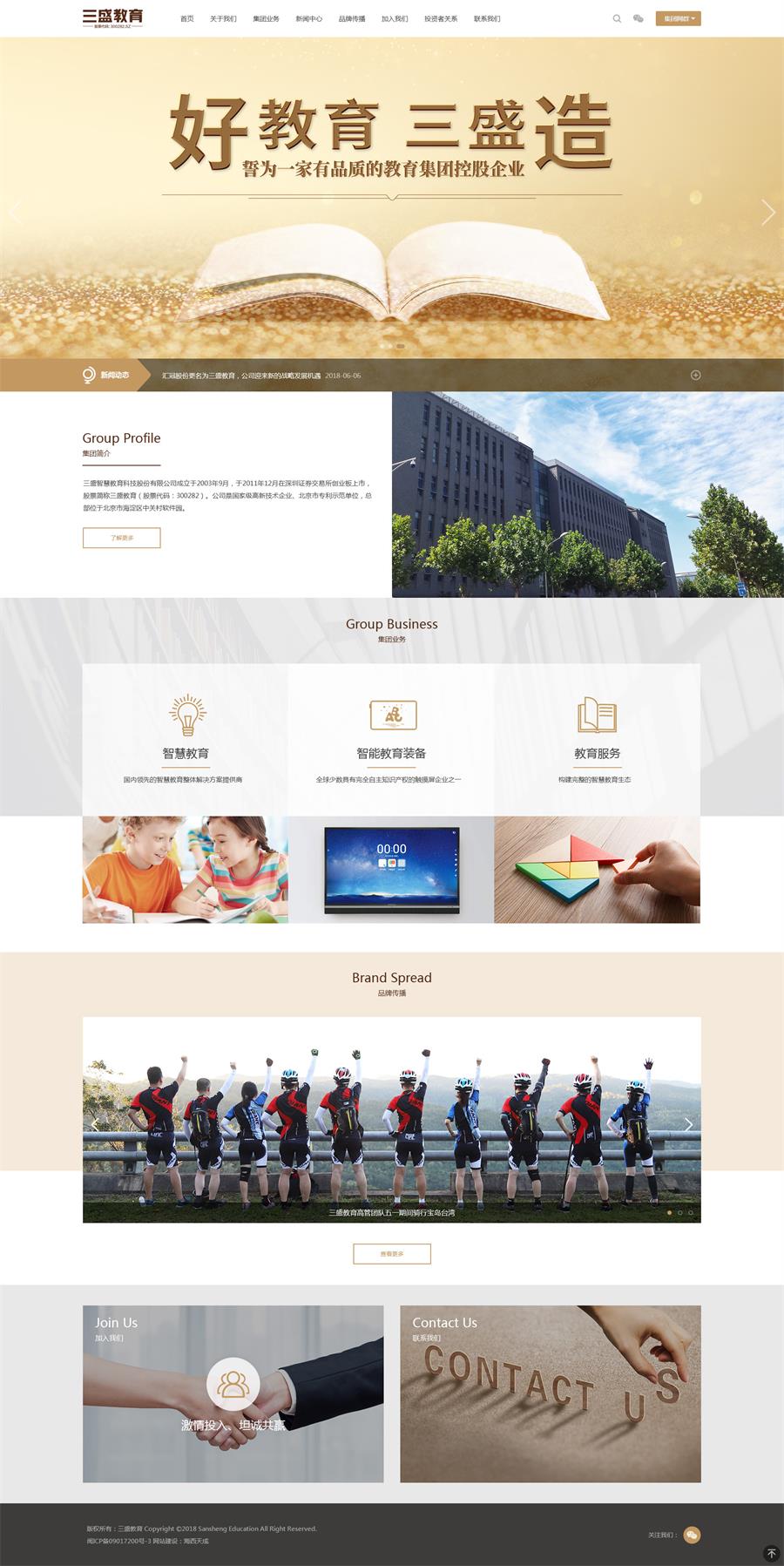 三盛智慧教育科技股份有限公司成立于2003年9月,于2011年12月在深圳證券交易所創(chuàng)業(yè)板上市,股票簡稱三盛教育(股票代碼:300282)。公司是國家級高新技術企業(yè)、北京市專利示范單位,總部位于北京市海淀區(qū)中關村軟件園。
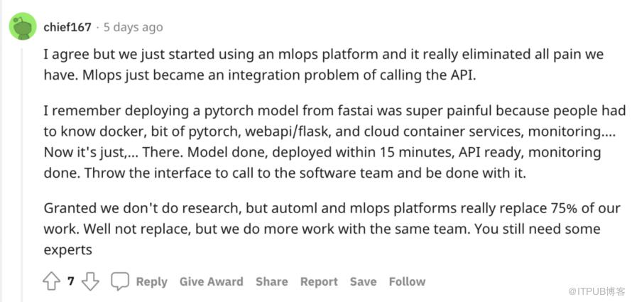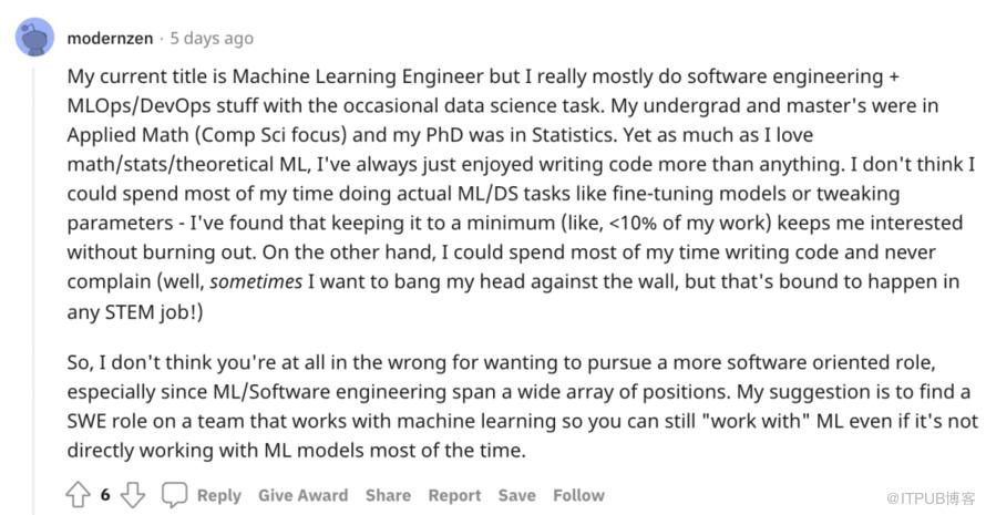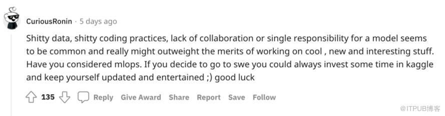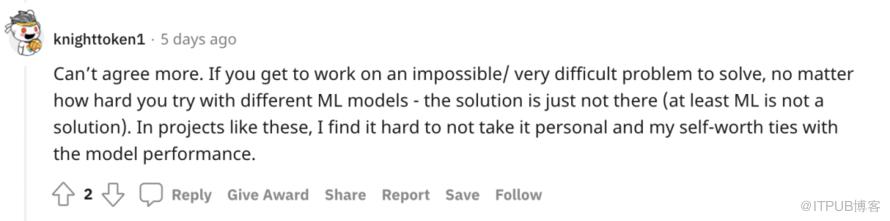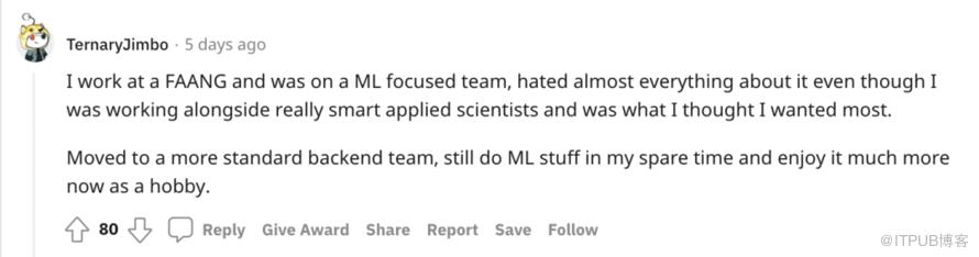 实际上,@hedy-m 的抱怨在 ML 领域很常见。“弃坑”派网友表示很有共鸣,劝他去搞软件工程。基本上,不少机器学习项目需要为获取相关资源和数据而四处奔走,你还需做耗时的数据处理工作,但最终 ML 项目的成功取决于你所拥有的数据甚至是运气。模型没有按预期工作总让人感到沮丧,并且你还要为此负全部责任。Reddit 网友 @knighttoken1 称,如果你开始解决一个不可能或者非常困难的问题,无论如何尝试使用不同的 ML 模型都不灵时(至少 ML 不是解决方案)。在这样的项目中,很难不把个人价值与模型性能联系起来。 “在 ML 工作中,你很容易工作 14 小时,同时失去友谊、社交和健康,最终仍然一无所获”:)此外,大部分 ML 工程师日常用的是知名模型或复现其他论文,创造性空间有限,难以获得成就感,有人认为,要想在机器学习工作中做出好成绩,还是要有 Phd 加持去做研究。当你成为 ML 的大牛,轻松输出各种相关论文时,生活就美满幸福,但要想有影响力和创新性,自然也会承受各种压力。即便在大厂,只有极少数地方才会用到最前沿的ML研究,况且还是业务优先。@TernaryJimbo 提到,在大厂 ML 团队带过后,现在讨厌关于 ML 的一切,他转到了更标准化的后端工作,只是把ML当成一种业余爱好。还有人提到,机器学习工程师还要努力展示与某些业务 KPI 相关的直接商业价值,而模型的改进不一定会对业务 KPI 产生直接影响,因为还有很多其他因素促成数据产品取得成功,由于涉及到如此多的不确定性,他们通常也不得不使用太花哨的东西,因此,旧招数不断被重复使用。相对而言,做软件工程不确定性更小,优秀的软件工程师投入必要的时间,就会获得积极的结果,而且对任何科技公司来说,软件工程项目都是更成熟的核心业务。 2
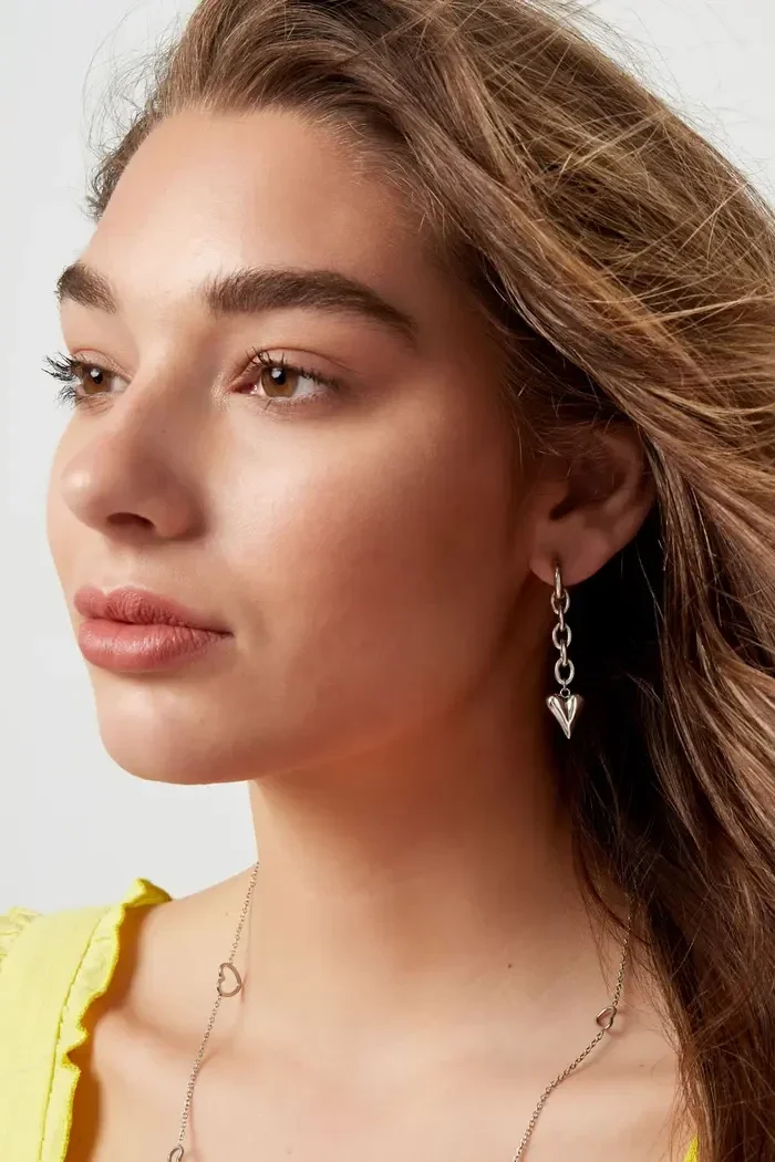 Ben jij op zoek naar leuke oorbellen om het assortiment van jouw shop aan te vullen? Bekijk dan snel deze gouden oorbellen met een leuk schakel detail en een hartje. Deze oorbellen zijn zeer geschikt voor elke gelegenheid en kunnen met elke outfit gecombineerd worden, ideaal! De oorbellen zijn gemaakt van Stainless steel en hebben een afmeting van 5,2 cm
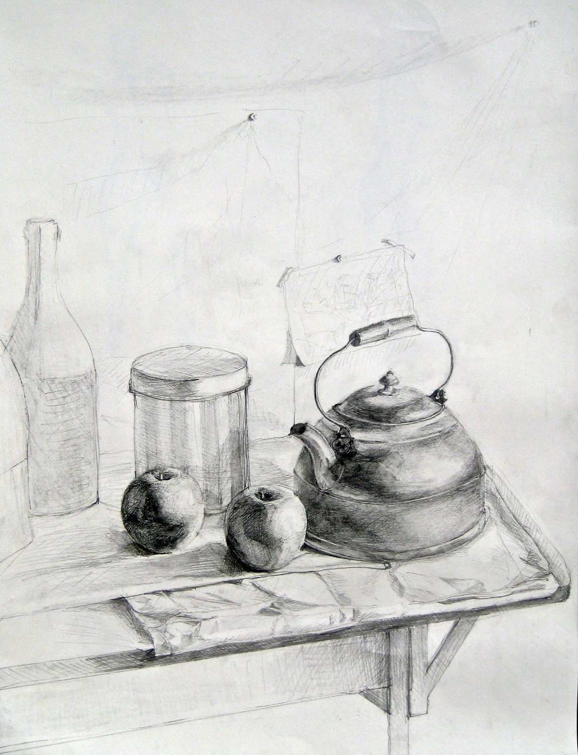 Drawing is more abstract than painting. In drawing, everything must be distilled to lines and planes, light and dark. With the abstraction, comes an imposed precision of craft. Lines are straight, constructed perspectives are more pronounced. In the absence of color, light is more pronounced. Light makes drawings feel real.
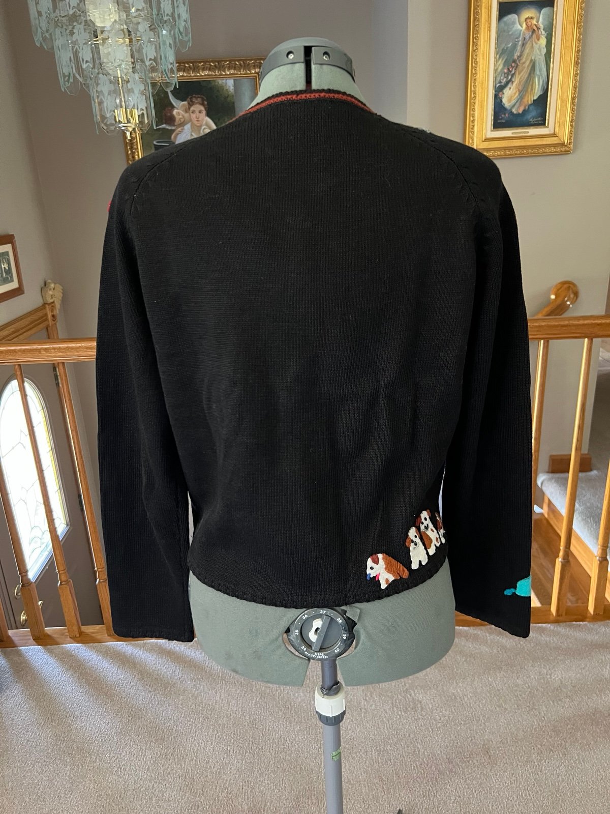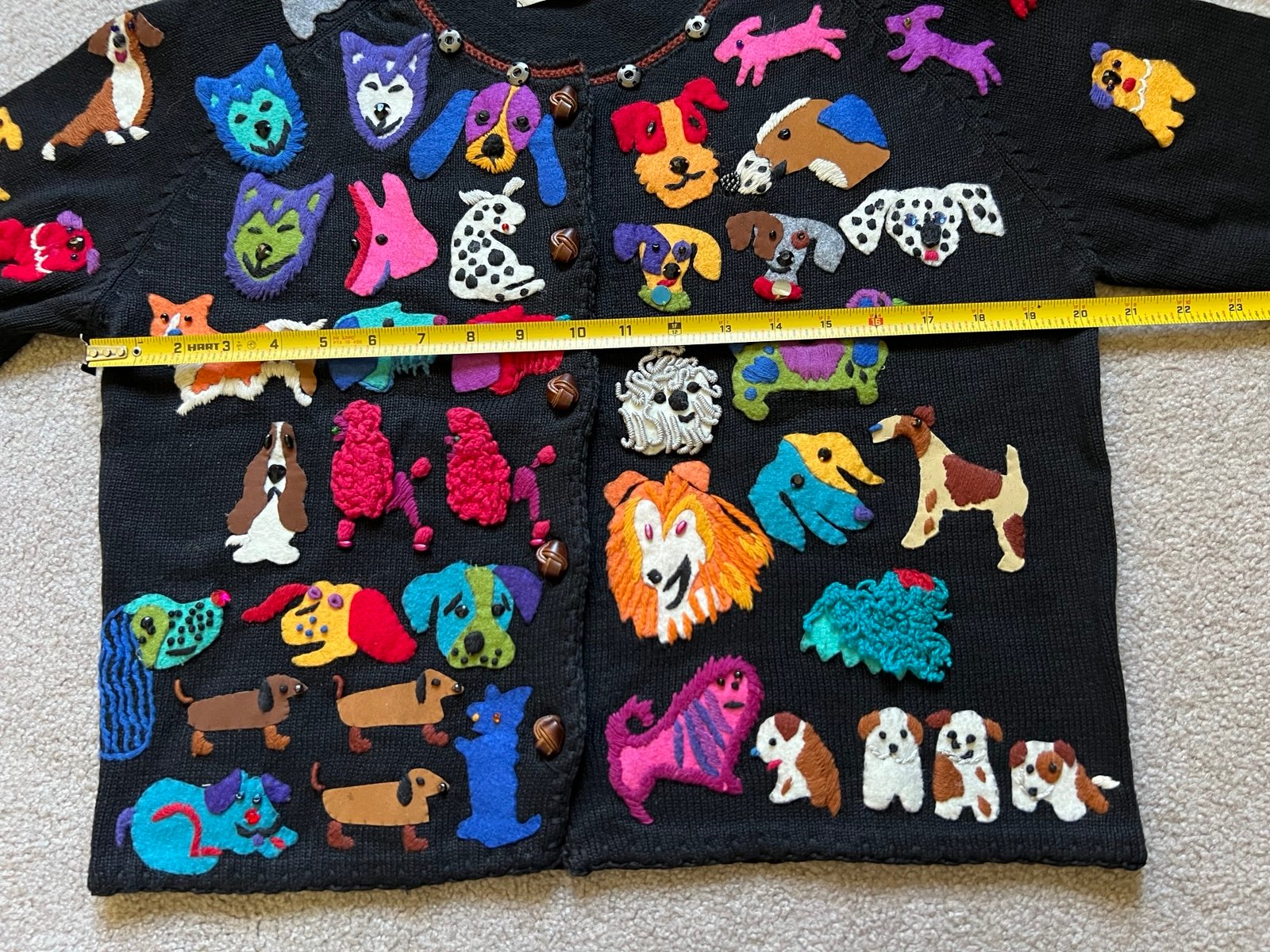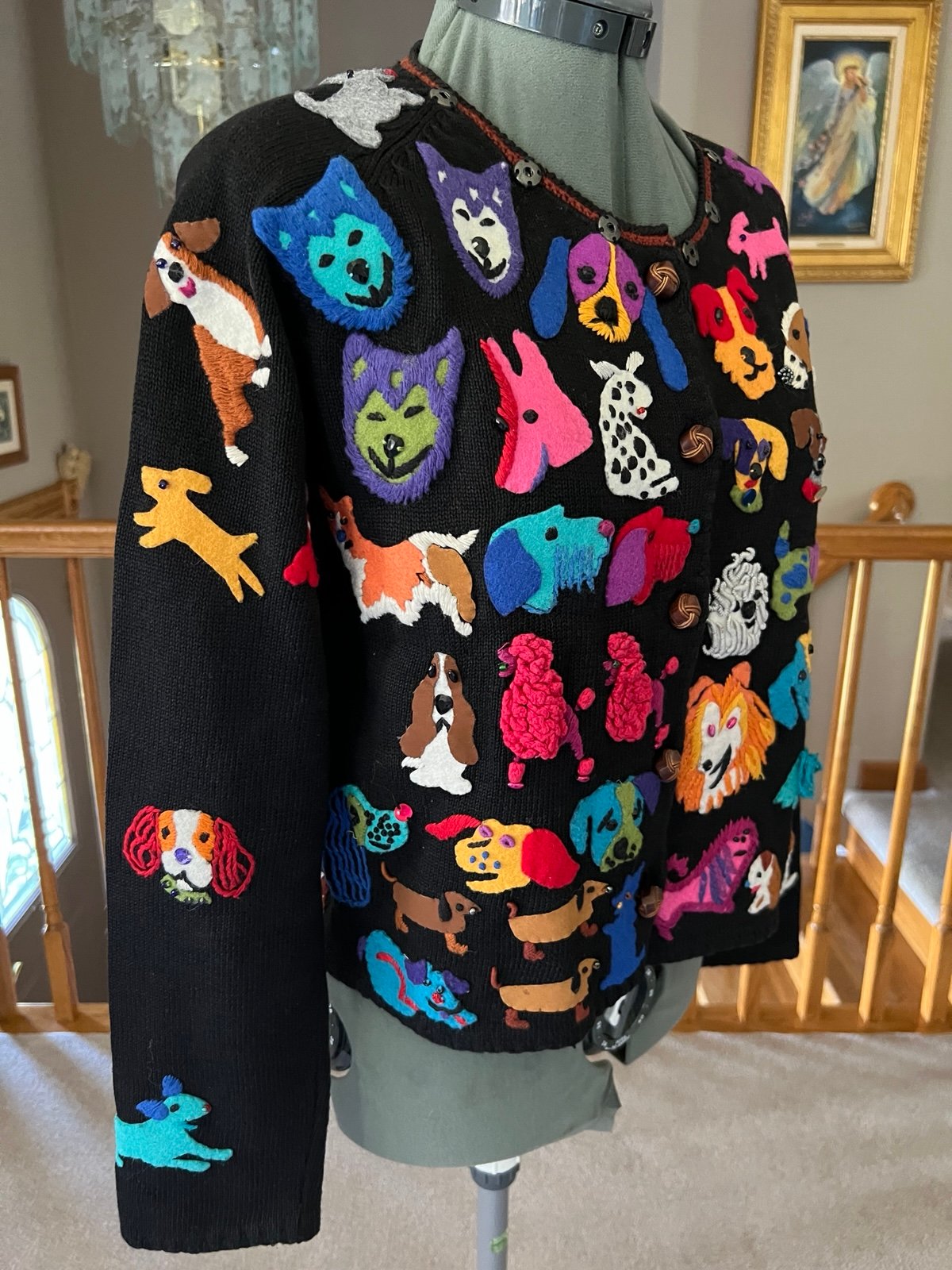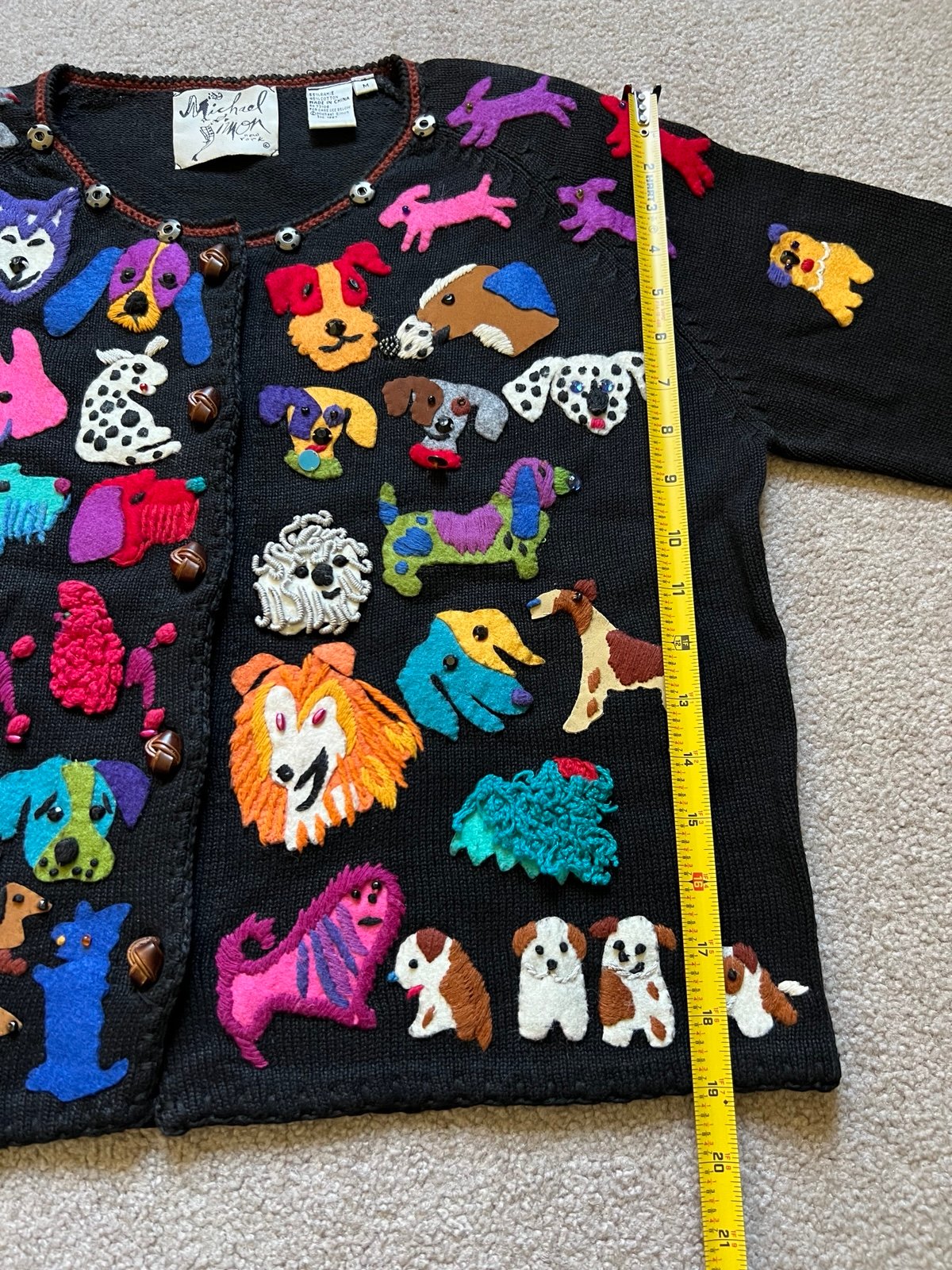 The price is firm. But it now only. This sweater is a unique michael simon collectible sweater. Perfect collectors piece for the Fran Drescher lover. She wore this style on the TV show the Nanny back in the 80’s and 90’s. Multiple breads of dogs and multi color embroidery. The sweater is EXCELLENT CONDITION. just jaw dropping. Tag reads sz MED -Measurements are in the pictures. Comes from a smoke free pet free clean home. No returns. Please see my other design options, Michael Simon, and Berek sweaters listed

The task:
Repeat the entries word for word and skip the pictures.

Answer:
 三盛智慧教育科技股份有限公司成立于2003年9月,于2011年12月在深圳證券交易所創(chuàng)業(yè)板上市,股票簡稱三盛教育(股票代碼:300282)。公司是國家級高新技術企業(yè)、北京市專利示范單位,總部位于北京市海淀區(qū)中關村軟件園。
 实际上,@hedy-m 的抱怨在 ML 领域很常见。“弃坑”派网友表示很有共鸣,劝他去搞软件工程。基本上,不少机器学习项目需要为获取相关资源和数据而四处奔走,你还需做耗时的数据处理工作,但最终 ML 项目的成功取决于你所拥有的数据甚至是运气。模型没有按预期工作总让人感到沮丧,并且你还要为此负全部责任。Reddit 网友 @knighttoken1 称,如果你开始解决一个不可能或者非常困难的问题,无论如何尝试使用不同的 ML 模型都不灵时(至少 ML 不是解决方案)。在这样的项目中,很难不把个人价值与模型性能联系起来。 “在 ML 工作中,你很容易工作 14 小时,同时失去友谊、社交和健康,最终仍然一无所获”:)此外,大部分 ML 工程师日常用的是知名模型或复现其他论文,创造性空间有限,难以获得成就感,有人认为,要想在机器学习工作中做出好成绩,还是要有 Phd 加持去做研究。当你成为 ML 的大牛,轻松输出各种相关论文时,生活就美满幸福,但要想有影响力和创新性,自然也会承受各种压力。即便在大厂,只有极少数地方才会用到最前沿的ML研究,况且还是业务优先。@TernaryJimbo 提到,在大厂 ML 团队带过后,现在讨厌关于 ML 的一切,他转到了更标准化的后端工作,只是把ML当成一种业余爱好。还有人提到,机器学习工程师还要努力展示与某些业务 KPI 相关的直接商业价值,而模型的改进不一定会对业务 KPI 产生直接影响,因为还有很多其他因素促成数据产品取得成功,由于涉及到如此多的不确定性,他们通常也不得不使用太花哨的东西,因此,旧招数不断被重复使用。相对而言,做软件工程不确定性更小,优秀的软件工程师投入必要的时间,就会获得积极的结果,而且对任何科技公司来说,软件工程项目都是更成熟的核心业务。 2
 Ben jij op zoek naar leuke oorbellen om het assortiment van jouw shop aan te vullen? Bekijk dan snel deze gouden oorbellen met een leuk schakel detail en een hartje. Deze oorbellen zijn zeer geschikt voor elke gelegenheid en kunnen met elke outfit gecombineerd worden, ideaal! De oorbellen zijn gemaakt van Stainless steel en hebben een afmeting van 5,2 cm
 Drawing is more abstract than painting. In drawing, everything must be distilled to lines and planes, light and dark. With the abstraction, comes an imposed precision of craft. Lines are straight, constructed perspectives are more pronounced. In the absence of color, light is more pronounced. Light makes drawings feel real.
 The price is firm. But it now only. This sweater is a unique michael simon collectible sweater. Perfect collectors piece for the Fran Drescher lover. She wore this style on the TV show the Nanny back in the 80’s and 90’s. Multiple breads of dogs and multi color embroidery. The sweater is EXCELLENT CONDITION. just jaw dropping. Tag reads sz MED -Measurements are in the pictures. Comes from a smoke free pet free clean home. No returns. Please see my other design options, Michael Simon, and Berek sweaters listed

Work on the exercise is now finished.